Threats were allegedly sent by ‘Rastriya Hindu Sena’

December 29, 2014 08:42 pm | Updated December 30, 2014 12:47 am IST - NEW DELHI:

At least seven participants of the All-India Oriental Conference (AIOC) to be held in Guwahati next month have dropped out after receiving threat letters.

The letters, received only by Muslim scholars, state: “If you will come at Guwahati, Assam, our people will kill you [sic].”

The threats have been sent under the letter head “Rastriya Hindu Sena” and the address is of Bhartiya Vichar Sadhna publications, Sangh Karyalaya, Nagpore. A letter received by Jawaharlal Nehru University Arabic professor Rizwanur Rehman by speed post was sent from Vadodara, Gujarat.

Following the threat, at least seven teachers of the Aligarh Muslim University have dropped out of the event. In a letter to the organisers, Islamic Studies scholar Abdul Majid Khan wrote, “Assam has witnessed another wave of killings. It is desirable that Islamic Studies section conference is held either in Delhi or in Aligarh where participants can make their presentation.”

“We are academic people and we do not feel safe going there right now. So we are dropping out,” Mr. Khan told The Hindu.

The AIOC is the most prestigious biennale of Indology being held since 1919. It was started by the Bhandarkar Oriental Research Institute (BORI), Pune, where its office is located. BORI was last in the news a decade ago when it was vandalised by Maratha activists who were protesting its collaboration with author James Laine.

Papers on several subjects, including Sanskrit, Islamic Studies and Assamese, Pali, Persian and Arabic, will be presented and around 1,100 scholars have registered for the conference to be held at Gauhati University from January 2 to 4.

AIOC joint secretary Sujata Purkayastha told The Hindu on the phone from Guwahati that they have so far not received any withdrawal letter from the scholars. “We have informed the police as these letters have caused stress to the participants.
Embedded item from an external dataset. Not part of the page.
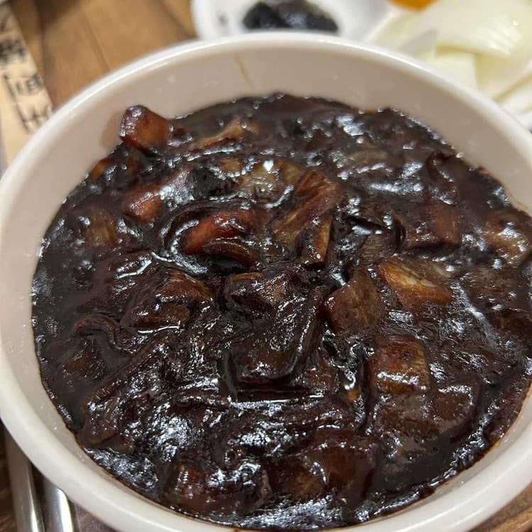 - 플레이팅: 삶은 면 위에 완성된 짜장 소스를 얹어 냅니다.

We have assured them full security,” she said.


Leaders of two organisations – based in Karnataka and Madhya Pradesh — that use the banner “Rashtriya Hindu Sena” have denied any involvement in sending the threatening letters. Karnataka’s Pramod Muthalik told The Hindu, “In Nagpur, another group called Hindu Rashtra Sena is active but it is unlikely that it is behind these letters as it is not involved in academics.”

Bhopal’s Surendra Parmar said the letters seem to be a hoax. “Hindu Rashtra Sena’s Dhananjay Desai is in jail [for an alleged murder in Pune.] This looks like the work of a disgruntled individual.”